__About this exercise__:
When you reach the line with "宽松的条纹衫,MIX宽松的卡其裤打造中性风。" in the records below, begin transcribing exactly and continue up to and including the line with "顧名思義就是利用自己肋部的軟", leaving out every picture.

__Data listing__:
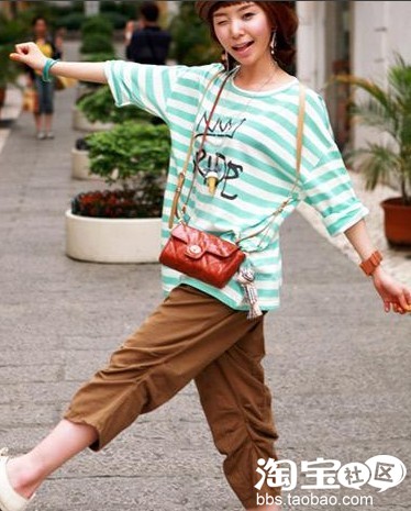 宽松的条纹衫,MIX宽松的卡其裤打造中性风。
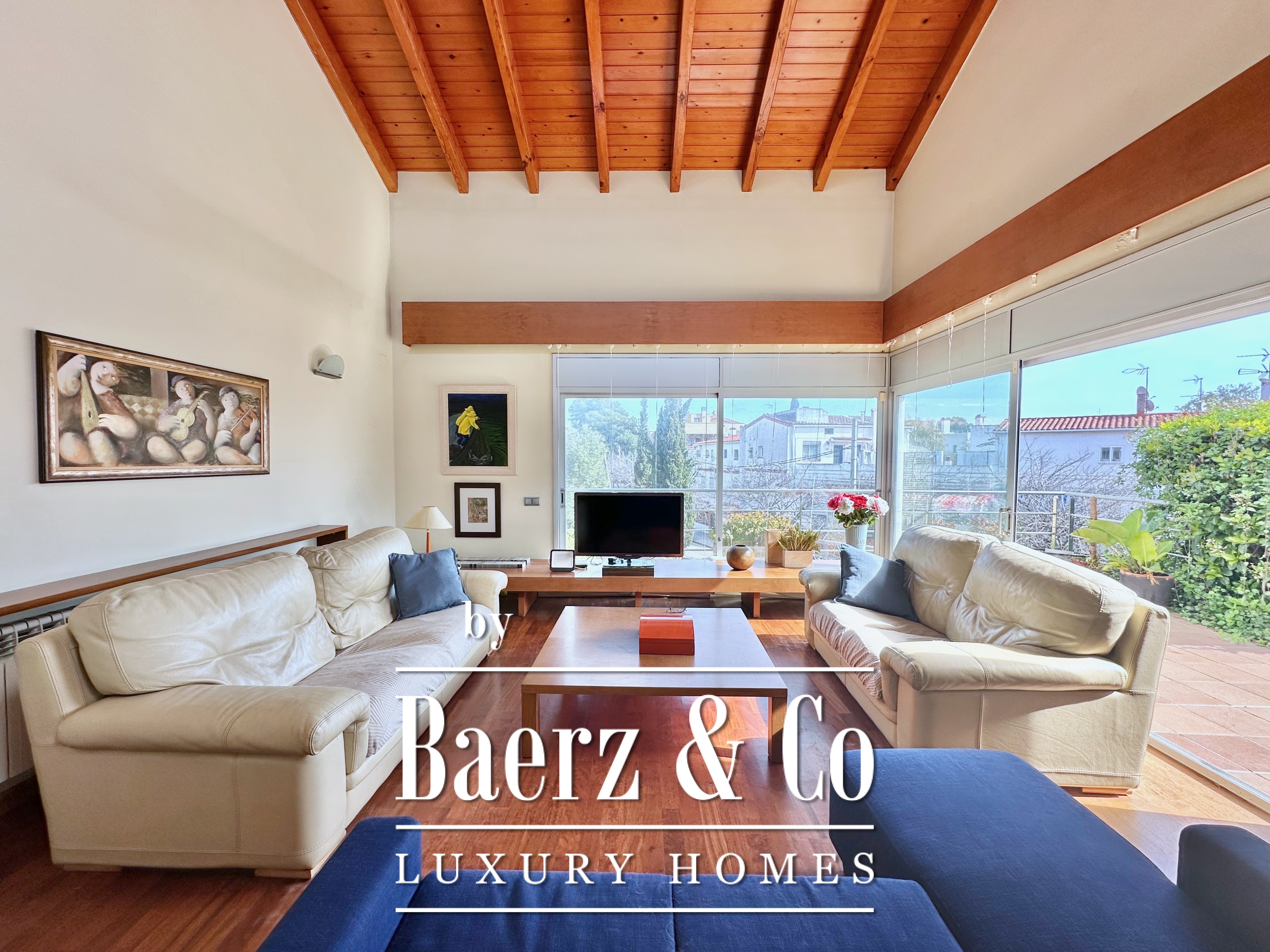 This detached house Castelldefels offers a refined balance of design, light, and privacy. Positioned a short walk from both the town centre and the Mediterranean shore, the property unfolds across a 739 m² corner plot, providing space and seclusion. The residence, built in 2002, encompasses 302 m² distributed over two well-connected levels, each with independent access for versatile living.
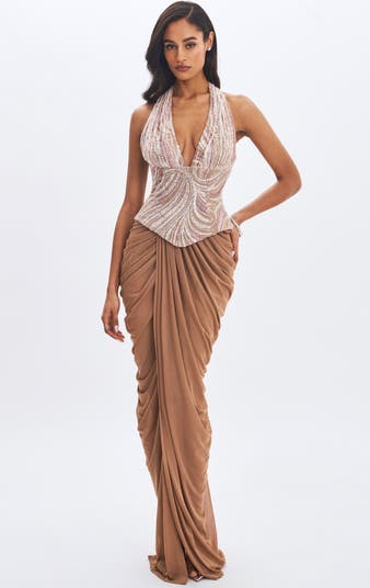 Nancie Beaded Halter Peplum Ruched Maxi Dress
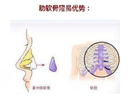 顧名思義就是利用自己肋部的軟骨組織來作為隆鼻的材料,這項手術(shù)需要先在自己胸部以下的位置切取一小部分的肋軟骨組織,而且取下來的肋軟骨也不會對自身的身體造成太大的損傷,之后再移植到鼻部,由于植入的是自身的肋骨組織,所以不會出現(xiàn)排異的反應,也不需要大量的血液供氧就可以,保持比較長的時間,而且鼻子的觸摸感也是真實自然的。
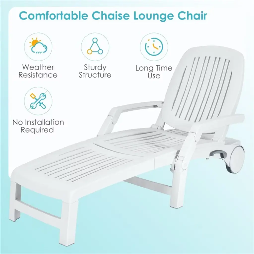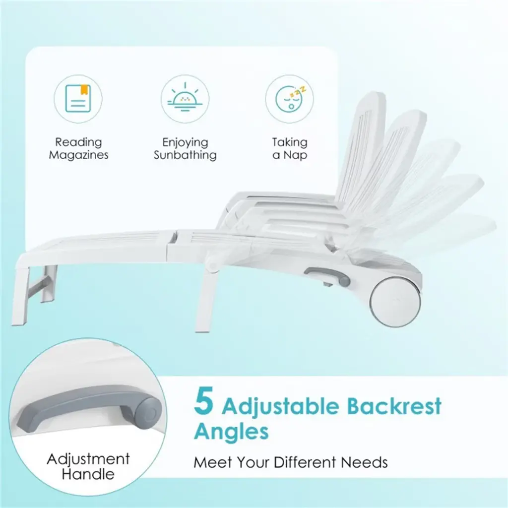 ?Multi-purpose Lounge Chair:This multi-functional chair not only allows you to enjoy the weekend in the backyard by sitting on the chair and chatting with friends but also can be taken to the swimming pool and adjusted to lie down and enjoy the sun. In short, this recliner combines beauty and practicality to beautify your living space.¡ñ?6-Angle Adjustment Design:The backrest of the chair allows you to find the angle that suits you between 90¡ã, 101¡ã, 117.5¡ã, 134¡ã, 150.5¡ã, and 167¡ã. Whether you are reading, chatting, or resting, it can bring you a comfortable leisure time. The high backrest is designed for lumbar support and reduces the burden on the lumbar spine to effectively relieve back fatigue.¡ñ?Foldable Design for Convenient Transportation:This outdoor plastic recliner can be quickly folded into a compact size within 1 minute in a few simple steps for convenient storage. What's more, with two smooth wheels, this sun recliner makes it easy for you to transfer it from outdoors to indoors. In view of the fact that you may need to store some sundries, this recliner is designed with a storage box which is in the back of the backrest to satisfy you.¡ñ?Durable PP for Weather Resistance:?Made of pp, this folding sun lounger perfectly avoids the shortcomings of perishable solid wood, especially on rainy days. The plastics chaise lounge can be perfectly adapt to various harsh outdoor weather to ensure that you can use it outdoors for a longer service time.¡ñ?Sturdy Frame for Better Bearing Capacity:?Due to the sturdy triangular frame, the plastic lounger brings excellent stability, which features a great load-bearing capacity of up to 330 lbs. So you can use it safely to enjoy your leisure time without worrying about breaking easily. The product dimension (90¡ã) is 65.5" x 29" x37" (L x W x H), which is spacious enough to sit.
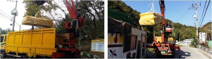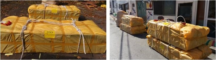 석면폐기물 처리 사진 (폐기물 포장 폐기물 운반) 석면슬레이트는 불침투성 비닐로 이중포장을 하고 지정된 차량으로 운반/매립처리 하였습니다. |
--
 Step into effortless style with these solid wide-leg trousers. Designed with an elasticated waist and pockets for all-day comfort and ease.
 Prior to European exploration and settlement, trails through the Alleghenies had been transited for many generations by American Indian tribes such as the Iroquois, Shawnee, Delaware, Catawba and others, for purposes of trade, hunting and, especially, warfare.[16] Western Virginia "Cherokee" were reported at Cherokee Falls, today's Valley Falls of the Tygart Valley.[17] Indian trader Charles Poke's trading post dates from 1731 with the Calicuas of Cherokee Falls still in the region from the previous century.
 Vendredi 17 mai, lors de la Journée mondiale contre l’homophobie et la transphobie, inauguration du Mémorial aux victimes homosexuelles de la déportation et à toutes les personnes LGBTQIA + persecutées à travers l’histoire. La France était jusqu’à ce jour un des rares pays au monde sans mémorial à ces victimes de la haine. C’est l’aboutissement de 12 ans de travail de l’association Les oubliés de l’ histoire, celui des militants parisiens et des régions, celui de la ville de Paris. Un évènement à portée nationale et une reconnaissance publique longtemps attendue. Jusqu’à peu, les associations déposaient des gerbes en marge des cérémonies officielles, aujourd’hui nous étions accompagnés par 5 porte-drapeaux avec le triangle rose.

__Result__:
 宽松的条纹衫,MIX宽松的卡其裤打造中性风。
 This detached house Castelldefels offers a refined balance of design, light, and privacy. Positioned a short walk from both the town centre and the Mediterranean shore, the property unfolds across a 739 m² corner plot, providing space and seclusion. The residence, built in 2002, encompasses 302 m² distributed over two well-connected levels, each with independent access for versatile living.
 Nancie Beaded Halter Peplum Ruched Maxi Dress
 顧名思義就是利用自己肋部的軟骨組織來作為隆鼻的材料,這項手術(shù)需要先在自己胸部以下的位置切取一小部分的肋軟骨組織,而且取下來的肋軟骨也不會對自身的身體造成太大的損傷,之后再移植到鼻部,由于植入的是自身的肋骨組織,所以不會出現(xiàn)排異的反應,也不需要大量的血液供氧就可以,保持比較長的時間,而且鼻子的觸摸感也是真實自然的。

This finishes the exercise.